Revista de la ciencia del suelo y nutrición vegetal
versión On-line ISSN 0718-2791
R.C. Suelo Nutr. Veg. v.8 n.2 Temuco 2008
R.C.Suelo Nutr. Veg. 8 (2) 2008 (1-8) J. Soil Sc. Plant Nutr. 8 (2) 2008 (1-8)
LIVESTOCK PRODUCTION AND DIFFUSE POLLUTION IN A VOLCANIC SOIL
Producción animal y contaminación difusa en un suelo volcánico
Marta Alfaro and Francisco Salazar
National Institute for Agricultural Research (INIA), Remehue Research Centre, PO Box 24-0, Osorno, Chile. Corresponding author: email@example.com
In developed countries, intensive grazing has been related to water pollution. The results of several projects carried out on a volcanic soil of the Osorno soil series on beef grazing production systems have shown that grazing management did not increase total nitrogen (N) and phosphorus (P) transfer and losses. Due to the high water infiltration capacity of the soil, runoff was <1% of total drainage, therefore, N and P losses in runoff were small. Nitrogen leaching losses were high (3 up to 71 kg N ha-1 yr-1). Nitrogen loss in runoff was mainly lost as DON (c. 50%) while N leaching losses were mainly as nitrate (c. 70%). Total P losses ranged between 1 and 22 g P ha-1 yr-1 and they increased with increasing field slopes. Phosphorus was mainly lost as reactive P (c. 70%). Total losses were greatly affected by incidental N and P losses associated to spring N and P fertilizer application, so that grassland managements should consider this constrain for grazed areas in southern Chile. Research should be carried out in more intensive production systems (e.g. dairy farms) where N and P rates used are higher and applied during different times of the year, with a potential impact for the wider environment.
Key words: Nitrogen, phosphorus, dairy production, beef production, environmental impact
En países desarrollados, el pastoreo intensivo ha sido relacionado con la contaminación de aguas. Resultados de distintos proyectos llevados a cabo en un andisol de la serie Osorno, en sistemas de producción de carne bajo pastoreo, han demostrado que el manejo del pastoreo no incrementó la transferencia y las pérdidas de nitrógeno (N) y fósforo (P). Debido a la alta capacidad de infiltración de agua del suelo, el arrastre superficial fue menos del 1% del drenaje total, por lo que las pérdidas de N y P en arrastre superficial fueron bajas. Las pérdidas de N por lixiviación fueron altas (3 hasta 71 kg N ha-1 año-1). Las pérdidas de N en arrastre superficial fueron principalmente como NOD (c. 50%). mientras que las pérdidas de N por lixiviación fueron principalmente como nitrato (c. 70%). Las pérdidas totales de P variaron entre 1 y 22 g P ha-1 año-1 y se incrementaron con incrementos en la pendiente del terreno.
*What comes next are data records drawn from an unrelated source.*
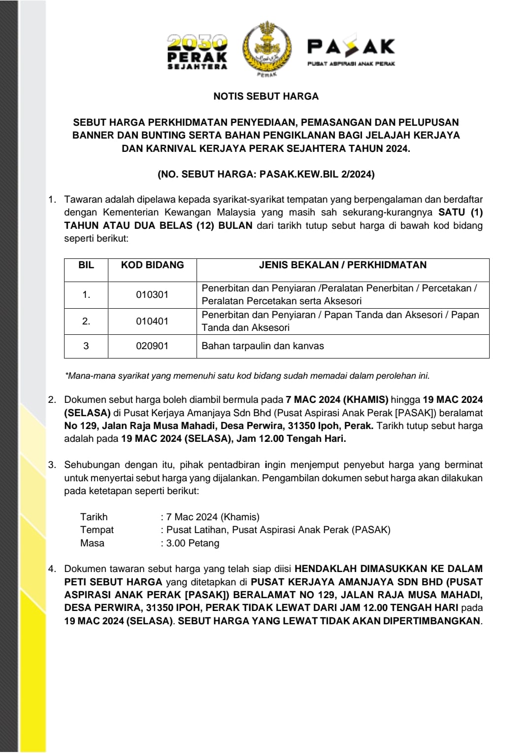 NOTIS SEBUT HARGA PERKHIDMATAN PENYEDIAAN, PEMASANGAN DAN PELUPUSAN BANNER DAN BUNTING SERTA BAHAN PENGIKLANAN BAGI JELAJAH KERJAYA DAN KARNIVAL KERJAYA PERAK SEJAHTERA TAHUN 2024.
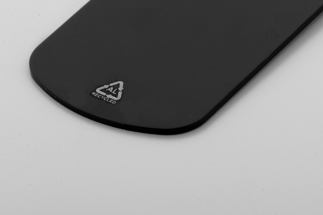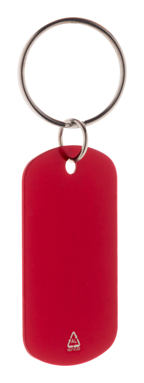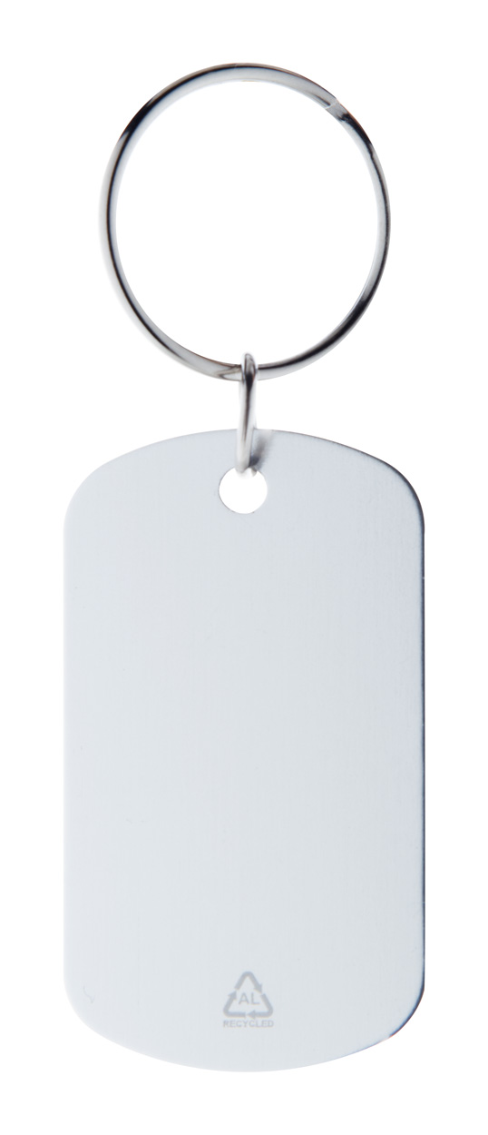 Aluminiowy brelok z recyklingu z metalowym kółkiem.
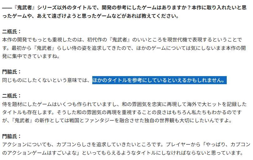 後記: 鬼武者的確年代比較早,但過往系列作並沒有出現QTE 、耗盡量表後的處決 、潛行加連鎖暗殺慢鏡頭後輸入按鈕選對象 、雙方體幹值這類設計,望周知。
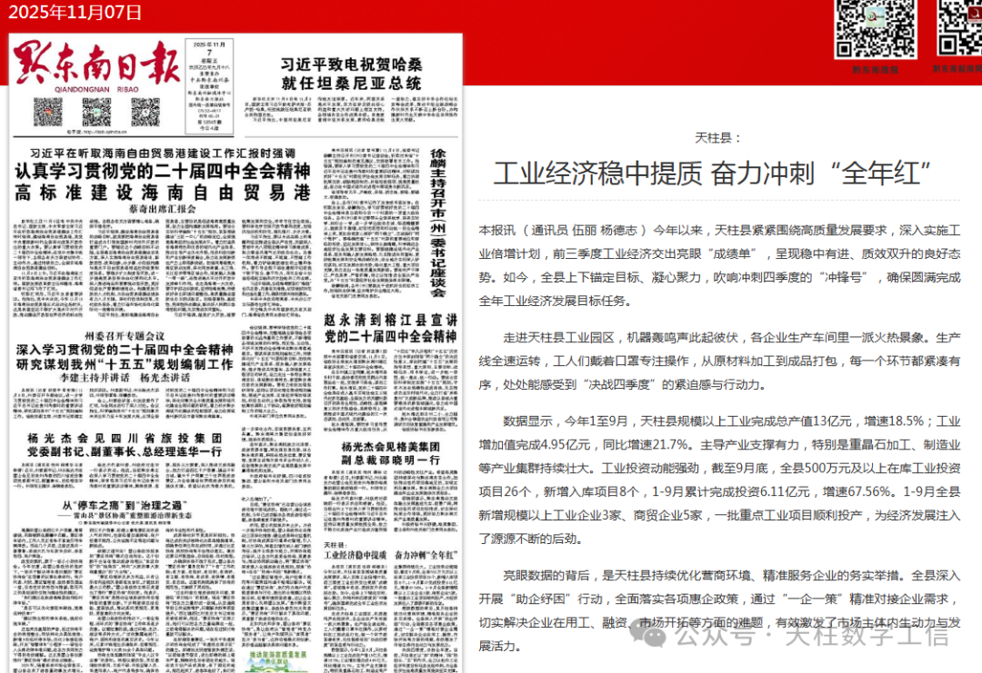 今年以来,天柱县紧紧围绕高质量发展要求,深入实施工业倍增计划,前三季度工业经济交出亮眼“成绩单”,呈现稳中有进、质效双升的良好态势。如今,全县上下锚定目标、凝心聚力,吹响冲刺四季度的“冲锋号”,确保圆满完成全年工业经济发展目标任务。

El P se perdió principalmente en su forma disponible (c. 70%). Las pérdidas totales fueron fuertemente afectadas por las pérdidas incidentales de N y P asociadas a la aplicación de fertilizantes en primavera, de manera tal que el manejo de praderas debería considerar esta limitación en áreas bajo pastoreo en el sur de Chile. La investigación en este ámbito debería realizarse en sistemas más intensivos de producción (e.g. lecherías) donde las dosis de N y P usadas son mayores y aplicadas en distintas épocas del año, con un potencial de impacto para el medio ambiente.
Palabras claves: nitrógeno fósforo, producción de leche, producción de carne, impacto medioambiental
The Lake and the River Regions of southern Chile (39° to 43° S, 71° to 74° W) have suitable climatic conditions and soil types for cattle production. Consequently, this area produces 65% of the country's milk and 45% of its meat, based on grazed on natural and improved pastures (INE, 2001). Volcanic soils are widespread in this area, being characterised by low nutrient availability and high phosphorus (P) fixation capacity (Escudey et al, 2001), so that this fact has created the perception that low P losses to waters can be expected in the area.
The use of nitrogen (N) and P in fertilizers and animal feed in the area has increased over the last ten years (Alfaro & Salazar. 2005), being these elements the main cost of fertilizer application. This intensification has resulted in greater stocking rates being used in direct grazing and a higher demand for forage for grazing animals.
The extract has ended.